The study, which surveyed Australian parents with children aged 6-12, found that 70 per cent of parents and nearly half of their children have suffered from tooth decay, with one in five of these children experiencing symptoms of the disease in the last 12 months.

Dental health is one of the top concerns for Australian parents with children aged 6-12. In fact, more than two in five of parents surveyed said they are worried about the health of their children’s teeth, and more than half admitted they need more support and guidance when it comes to instilling good oral health habits.

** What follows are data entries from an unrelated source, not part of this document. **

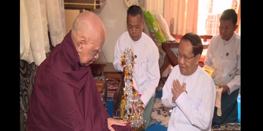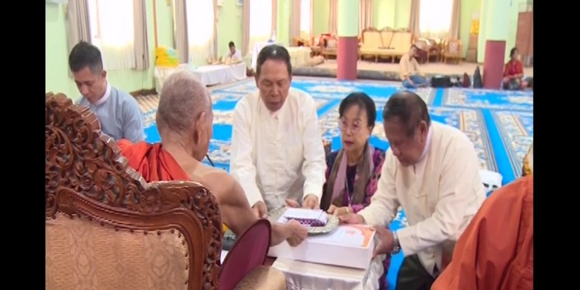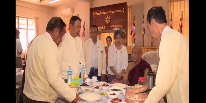 Earlier in the day, the Union Minister and party paid respect to the Secretary of the State Sangha Maha Nayaka Committee Dr BhaddantaCandimaBhivamsa at Maha Nayaka Monastery and offered 3 million kyats cash donation.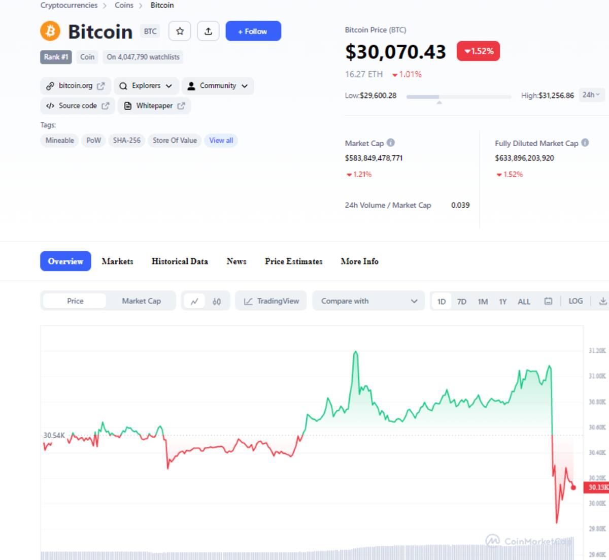 Por su parte, en CoinMarketCap, el precio de Bitcoin una caída del 1,51% llegando hasta los $29,928 dólares por unidad, equivalentes a 513,948 pesos mexicanos.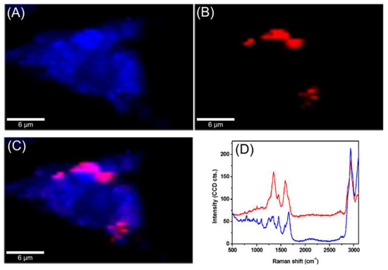 Raman maps of a single C26 colon carcinoma cells incubated for 24 h with GCD@DOX. (A) The map was obtained by plotting the intensity of C-H stretching vibrational bands of lipids at 2800–3100 cm−1 (B) The map was generated by plotting the intensity of the G band of graphene at 1584 cm−1. (C) Overlaid Raman maps presented in (A,B). (D) Extracted spectra corresponding to colored areas.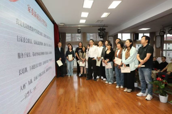 借着本次机会,校家委会王心瑶爸爸、韩宇麒妈妈、陈腾汐妈妈、章习悦妈妈、徐雅涵爸爸由校家委主任及校领导颁发了聘书,并肯定过去一年新成员的参与和贡献。
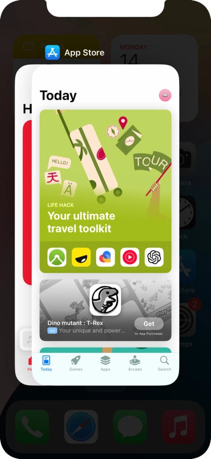 Slide your finger slowly upwards starting from the bottom of the screen until the list of running applications is displayed.
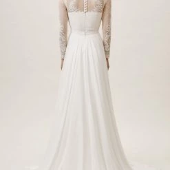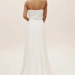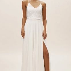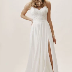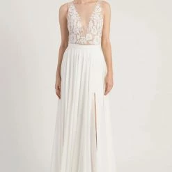 Crafted from airy chiffon, this A-line skirt has a sultry slit; we love it paired with a feminine lace topper. By Jenny Yoo.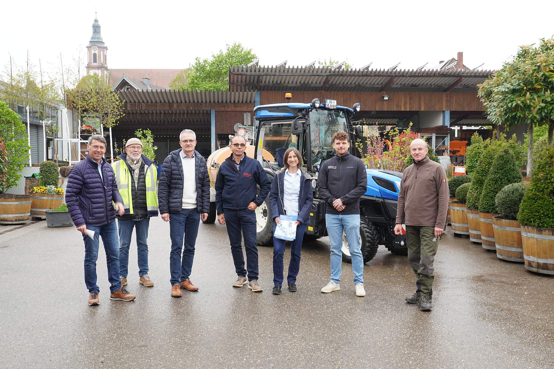 Bildquelle: Stadt Ettenheim - l. : Bürgermeister Bruno Metz, Karl-Heinz Renkenberger (Industriepark Ettenheim), Alexander Reichert (Industriepark Ettenheim), Bauhofleiter Markus Ohnemus, VHS-Außenstellenleiterin Carola Goetsch, Tobias Langenbach von der Quattro Form GmbH und Revierförster Lothar Bellert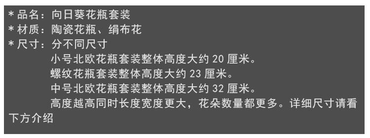 | Цвет: | Big Sunflower North Primary, Оранжево-красный, Коричневый, Зеленый, Светло-желтый, Флуоресцентный желтый, Золотой, Цвета шампанского, Кремовый, белый, Белый, Бежевый, Розовый, Красный, Светло-серый, Темно-серый, Желтый, Темно-зеленый, Цвет лотоса, Армейский зеленый, Рыжий, Хаки, Черный, Серебряный, Светло-фиолетовый, Роза красная, Бордовый, Оранжевый, Лимонно-желтый, Лазурный, Ярко-желтый, Абрикосовый, 4 луча подсолнечник+средняя скандирующая ваза, 2 Bunch Xiangyang Flower+Средняя скандинавская ваза, Темно -оранжевый красный, Два -корлорная глубина пиона пурпурно+серая бутылка, Два -коррор пион -синий -грин+серая бутылка, Прозрачный, Цвет, Желтовато-коричневый, Темно-коричневый |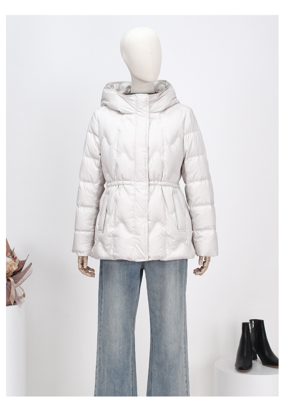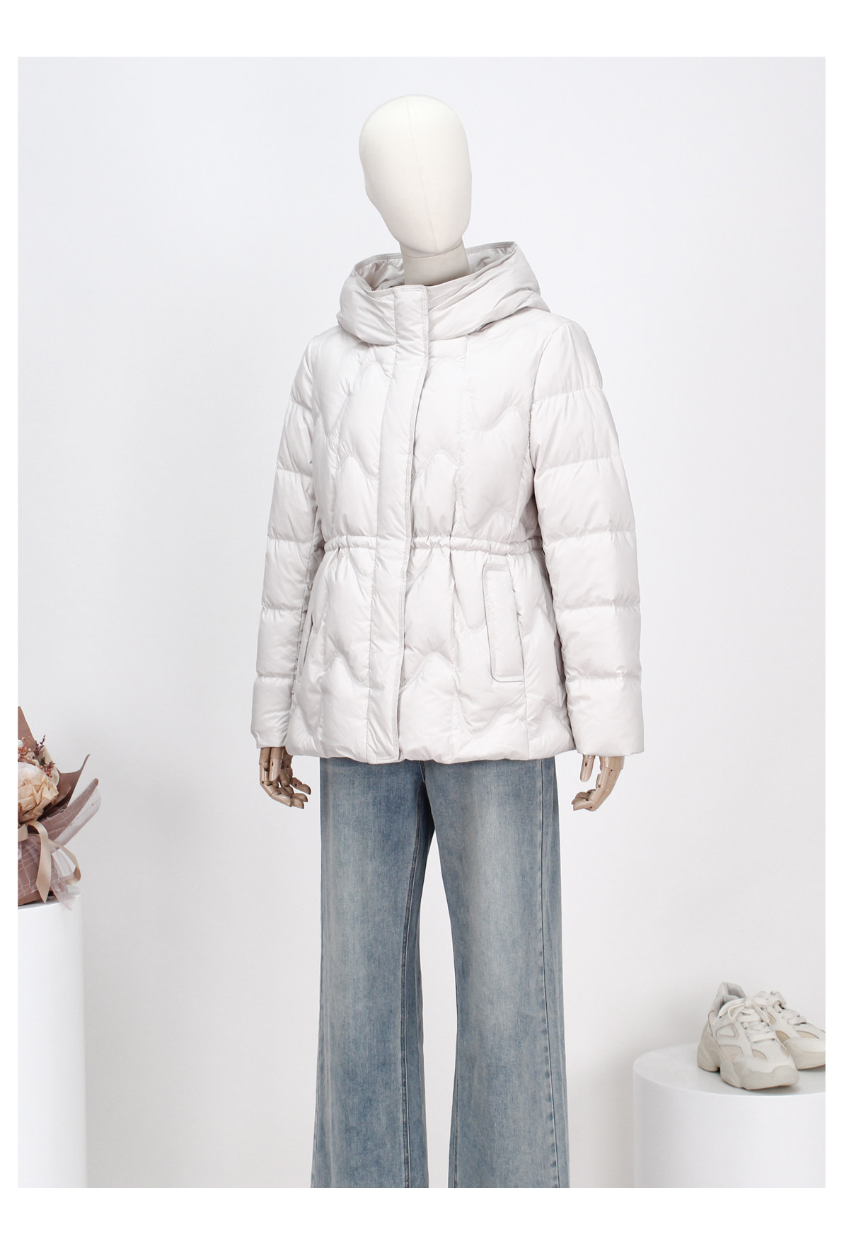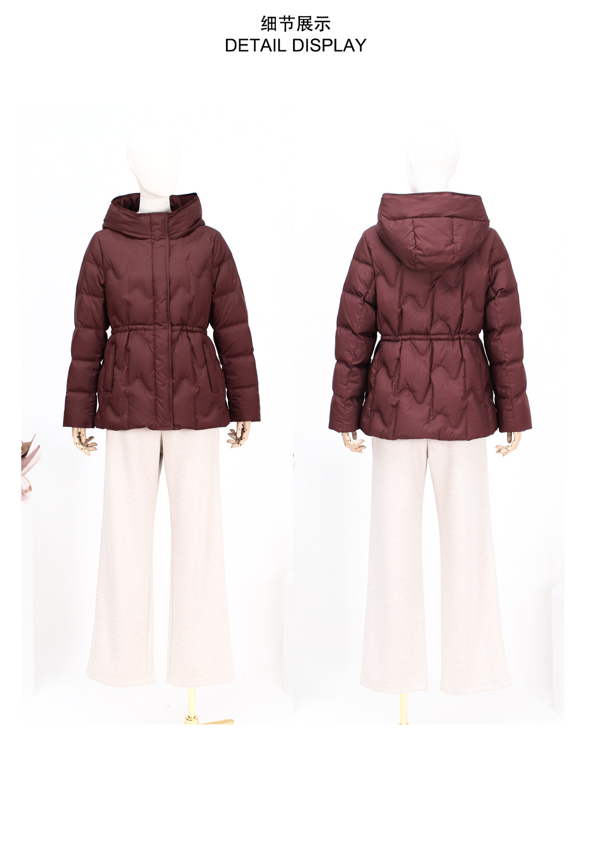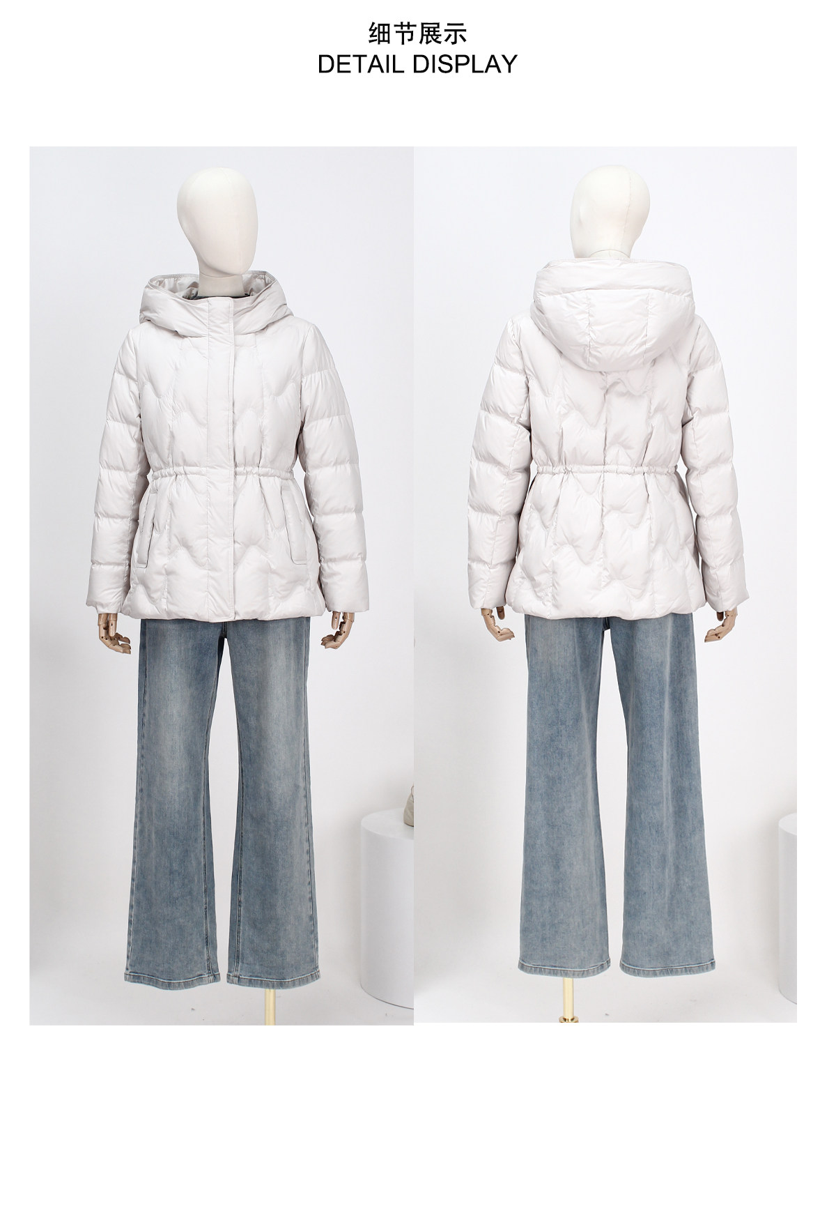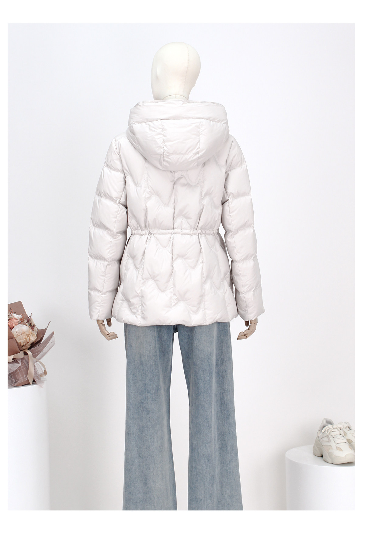 FOCALS新款时尚休闲绗缝收腰连帽白鸭绒短款羽绒服外套FRW8D071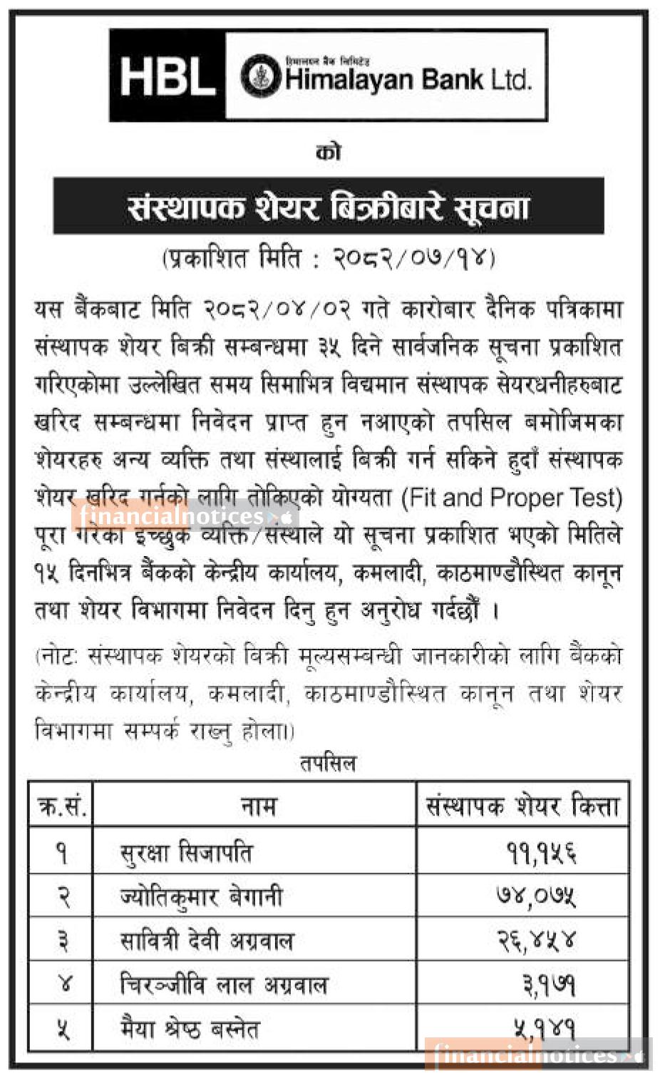 संस्थापक सेयर बिक्रीका लागि हिमालयन बैंकको सूचना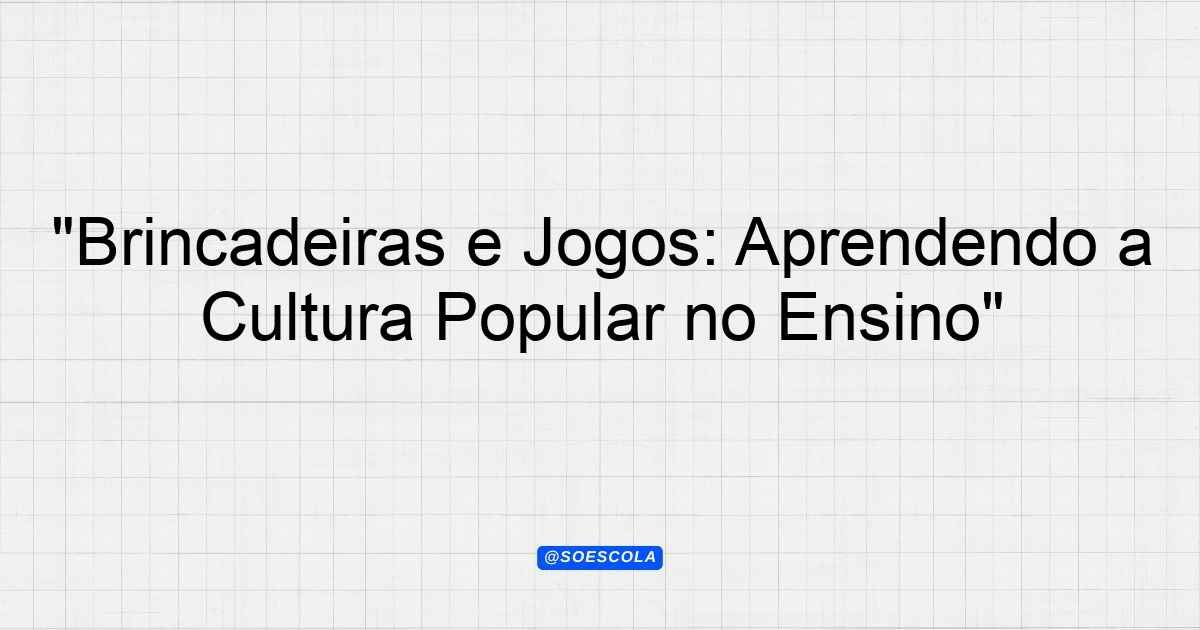Continue lendoA proposta deste plano de aula é explorar de forma lúdica e significativa as brincadeiras e jogos da cultura popular,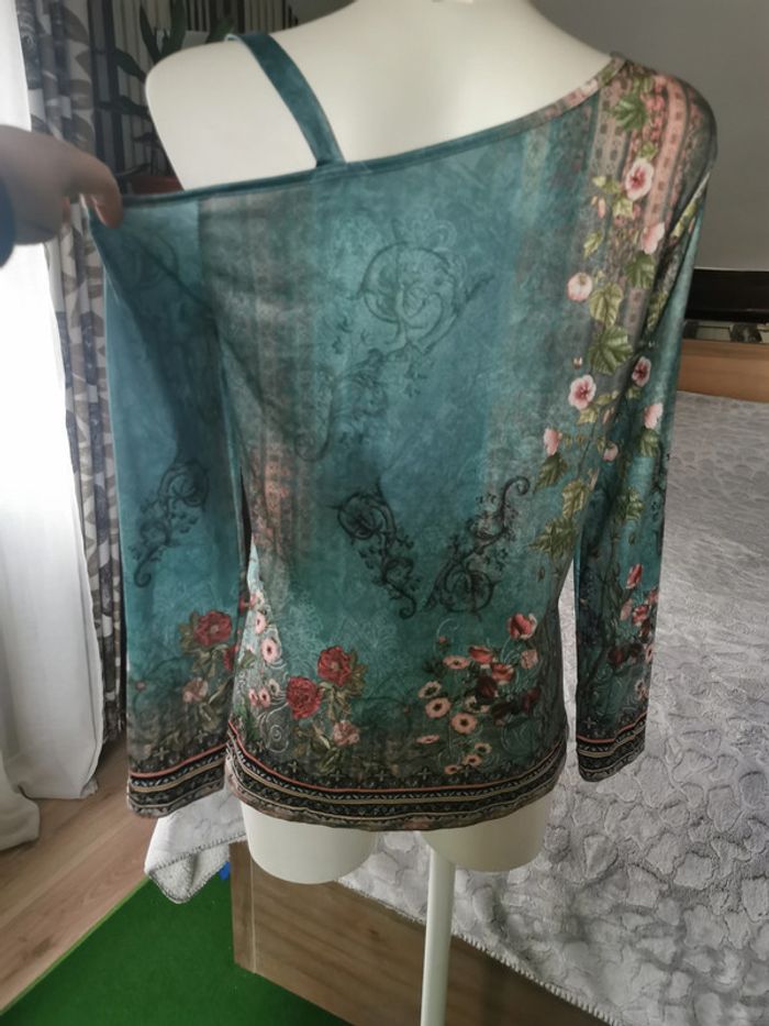 Haut vert à fleur épaule découverte bretelle chaîne - photo numéro 7

The research revealed that 41 per cent of parents surveyed cite brushing their children’s teeth as a parenting pain point, with nearly half of children in the 6-12 age group not brushing their teeth for the recommended two minutes per session and nearly 18 per cent only brushing their teeth once a day. 

Of the 78 per cent of parents who said they face challenges when it comes to brushing their children’s teeth, the need for supervision, the morning rush, and kids wanting to eat after brushing their teeth were cited as the most common barriers to brushing. 

The research also revealed that misconceptions around the cause of tooth decay are prominent among Aussie parents, with 45 per cent assuming overconsumption of sugary food and drinks are the key culprits, and one in five believing that cavities happen to everyone. 

“It’s common for people to think that it is large quantities of sugary foods and drinks that cause cavities, but frequent snacking also contributes to kids developing dental decay,” Dr Susan Cartwright, Scientific Affairs manager, Colgate Oral Care, said.

Another common misconception uncovered through the study includes the notion that tooth decay in children with baby teeth is less of an issue than when they have adult teeth, with one in five parents surveyed believing this. 

“If you have dental decay, you have a disease process in your mouth that needs to be addressed,” Dr Cartwright said. 

“If you have this happening as a young child and habits are not corrected, it is likely to continue into adulthood. Therefore, having decay in baby teeth is something that requires attention.”

Colgate is working towards a cavity free future as they believe that everyone deserves a future they can smile about. 

“It’s up to us as adults to ensure we are setting an example for our kids and teaching them to use the correct amount of toothpaste, brushing for two minutes, and brushing twice a day,” Dr Cartwright said.